Possible GROMACS simulation running on a GPU, with both short-ranged and PME tasks offloaded to the GPU. This can be selected with gmx mdrun -nb gpu -pme gpu -bonded cpu.

It turns out that the latter part of the PME task is harder to make run fast on a GPU than the first part, particularly when there is a short-ranged task also running on the same GPU. GROMACS permits that second part to be run on the CPU instead.

../_images/molecular-dynamics-workflow-short-range-gpu-pme-gpu-pmefft-cpu-bonded-cpu.svg

Possible GROMACS simulation running on a GPU, with short-ranged and the first part of the PME task offloaded to the GPU. This can be selected with gmx mdrun -nb gpu -pme gpu -pmefft cpu -bonded cpu.

Explore performance with PME

Make a new folder for this exercise, e.g. mkdir using-pme; cd using-pme.

Download the run input file prepared to do 20000 steps of a PME simulation. We’ll use it to experiment with task assignment.

Download the job submission script where you will see several lines marked **FIXME**. Remove the **FIXME** to achieve the goal stated in the comment before that line. You will need to refer to the information above to achieve that. Save the file and exit.

Submit the script to the SLURM job manager with sbatch script.sh. It will reply something like Submitted batch job 4565494 when it succeeded. The job manager will write terminal output to a file named like slurm-4565494.out. It may take a few minutes to start and a few more minutes to run.

While it is running, you can use tail -f slurm*out to watch the output. When it says “Done” then the runs are finished. Use Ctrl-C to exit the tail command that you ran.

Once the first trajectory completes, exit tail and use less default.log to inspect the output. Find the “Mapping of GPU IDs…” Does what you read there agree with what you just learned?

Then, find where the PME tuning took place. Hint: search for “pme grid”. What minimum value do you expect based on the van der Waals cutoff? What does the tuned value that tell you about the performance of the tasks on the GPU on this machine?

The *.log files contain the performance (in ns/day) of each run on the last line. Use tail *log to see the last chunk of each log file. Have a look through the log files and see what you can learn. What differs from log files from previous exercises?

Running update and constraints on the GPU

Recall that earlier we said that the dominant operations are arithmetic and data movement. We can eliminate a lot of the data movement by moving most computation to the GPU, and also the reduction, update and constraints phases.

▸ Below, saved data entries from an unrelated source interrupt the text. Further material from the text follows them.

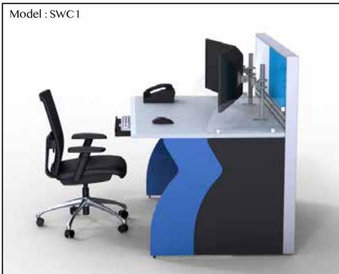
Model : SWC1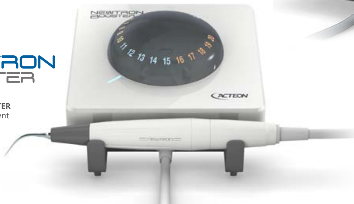
NEWTRON® BOOSTER Compact and efficient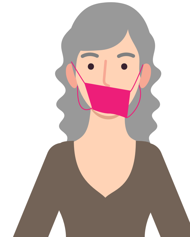
LOOSE OR ILL-FITTING MASK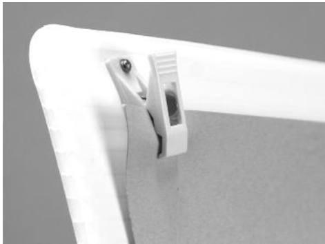
3. Choose paper color & attach to clips. Tape front ends of paper down if curling is too great.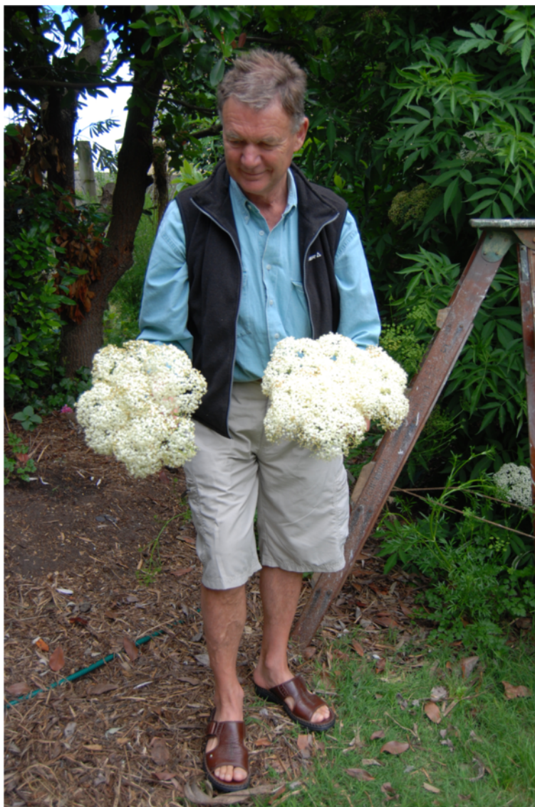
Figure 5 Sambucus nigra in the garden of a Tyrolean informant in Australia.

taxa also had the highest use values (UV) (Table 5). UV ranged from 0.07 to 0.4 (mean = 0.969, stdev = 0.0623, 95% C 0.0837 – 0.1102). Aloe spp. is widely distributed in this area and grows in almost every garden. It is seen as a “universal remedy” among informants. The plant is claimed to cure injuries, burns, wounds, stomach ulcers and digestive problems, as well as prevent cancer. There are many different recipes for its preparation: pulp from the inner leaves is eaten fresh or frozen, and mixed with honey by some informants. Matricaria chamomilla grows in almost every garden and is hardly ever bought in a shop. Achyrocline satureioides (Figure 4) uses are similar to the uses of M. chamomilla (Table 3) although A. satureioides is cited more often in use as a bath additive and for the preparation of tea for young children (Figure 4).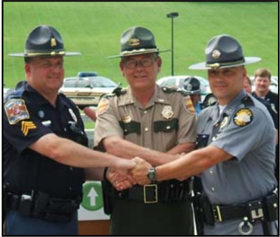
Troopers at a Hands Across the Border event.

The proportion of unbuckled deaths at night is considerably higher than the nearly as alarming 44 percent of passenger vehicle occupants who were not wearing their seats belts and were killed during daytime hours across the nation that same year.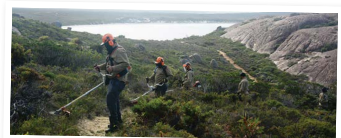
Tjaltjraak Rangers brushcutting.

Native title can be extinguished (i.e. recognition refused) because of things government has done, or allowed others to do, over a particular area or areas that are inconsistent with native title. If native title is extinguished over a particular area, it does not necessarily mean that native title never existed in that area, or that traditional law and customs are not still practised there. For example, the vesting of national parks in the south-west and Great Southern legally extinguish native title rights, but customary activities are still carried out in those parks.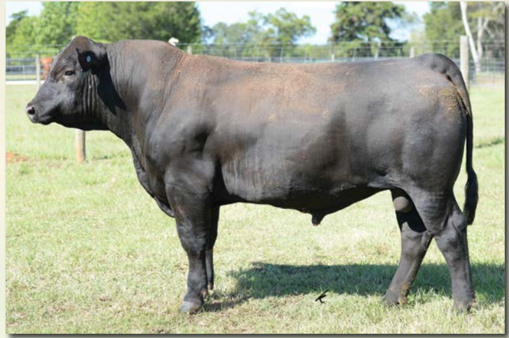
TJ 328C Sells as Lot 82.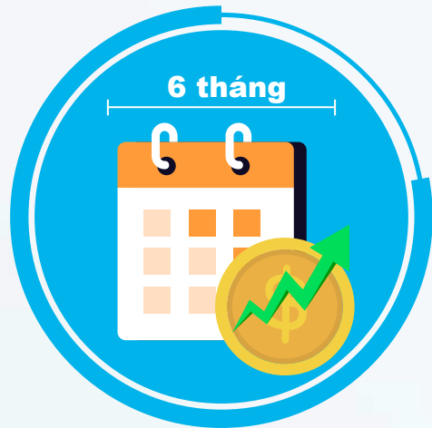
Deferment of wage increases (no longer than 6 months)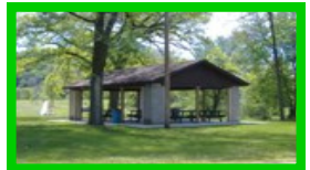
6) B.I. Pippin 1100 N. Jefferson St.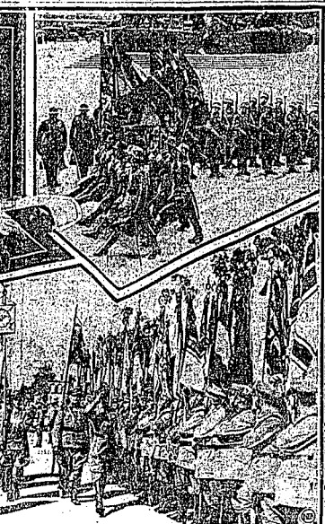
GERMANY'S NEW MILITARISM AND THE MAN BEHIND IT—Above, in the left, is General Kurt von Schleicher, the power behind the present German government and leader in the nation's demands to rearm. In the right, corner, is a member of the Wehrmacht, the German military organization of World War veterans, being inspired by the former general's picture, shown in silhouette in salute.

../_images/molecular-dynamics-workflow-all-on-gpu.svg

Moving also the update and constraints to the GPU. Now there is much less data movement and the whole calculation is much more efficient. Generally the bonded forces should remain on the CPU, which is otherwise idle. Run this way using gmx mdrun -nb gpu -pme gpu -update gpu

Note that not all combinations of algorithms are supported, but where they are supported, the benefit of running the update also on the GPU is very useful.

Explore GPU updates

Using the same folder and topol.tpr file from the above exercise, download the job submission script where you will again see FIXME comments. Replace them to make it run NB, PME and the update on the GPU, as well as perhaps the bonded work. Save and exit.

Run the script and observe the performance as before. Is that better or worse than earlier?

Keypoints

  • The PME workload can be run on a GPU in a few different ways

  • The relative strength of CPU and GPU and the simulation system determines the most efficient way to assign the tasks. The default is not always best.

  • When supported, moving the whole MD workload to the GPU provides good improvements.